Table 1 Average correlation factors of pixel blocks in different structural regions

As shown in Table 1, when the pixel block is located in the smooth region, the value of \(Avg_{cor}\) is usually less than 0.65; when the pixel block is located in the texture region, the value of \(Avg_{cor}\) fluctuates at approximately 0.8; and when the pixel block is located in the edge region, the values of \(Avg_{cor}\) are all above 0.9. Therefore, to maintain the composition characteristic of the mural, the structural information of the inpainting image was accurately propagated. When the matching block is searched, the different structural regions of the image can be accurately distinguished according to the average correlation factor. In this paper, the change in \(Avg_{cor}\) was used to adaptively select the size of the sample block to fill the failing area. The size of the adaptive sample block was determined as follows [18]:

$$size\,(p) = \left\{ {\begin{array}{*{20}l} {11 \times 11} , & \quad {Avg_{{cor}} \le 0.65} \\ {9 \times 9} , & \quad {0.65 < Avg_{{cor}} } \\ {5 \times 5} , & \quad {Avg_{{cor}} \ge 0.9} \\ \end{array} } \right.$$

The value of \(size(p)\) was determined based on the post-repair effect as well as the time span for repair. First, three intervals were divided according to \(Avg_{cor}\). Then, repeated experiments on multiple images were performed in each interval, and the sample block size \(size(p)\) was determined when the best repair effect was achieved.

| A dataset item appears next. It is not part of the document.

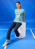 Offer Valid on a Minimum Cart Value of ₹999Women Abstract Print Slim Fit Crew Neck T-shirt with TECHNO COOL+

Matching block search strategy

The traditional Criminisi algorithm uses the global search strategy when searching for the best matching block, that is, the one that is most similar to the sample block in the unbroken area of the whole image. This method can search for the best matching block, but it takes a long time. According to the composition characteristic of the mural image, the matching blocks of many failing areas are located near the sample block. Therefore, the global search has blindness, which reduces the efficiency of the algorithm. To reduce the search space of the algorithm and ensure the effect of the repair, this paper adopted a local search strategy, namely, searching for the best-matching block in the local window space. The size \(Length\) of the partial window was set as follows:

$$Length = \eta * \sqrt {size(p)} ,$$

where \(\eta\) is the step size. The local search space is centered on the pixel P with the highest priority and extends \(Length\) long distances in the upward, downward, left, and right directions, so the actual search space of the local search strategy is \(\left( {2 * Length + 1} \right)\left( {2 * Length + 1} \right)\). Compared to the global search strategy, the size of the search window is reduced from \(M \times N\) (M and N are the rows and columns of the image, respectively) to 2 (m and n are the rows and columns of the partial window, respectively). The local search shortens the search time of the matching block, thereby improving the repair efficiency of the algorithm.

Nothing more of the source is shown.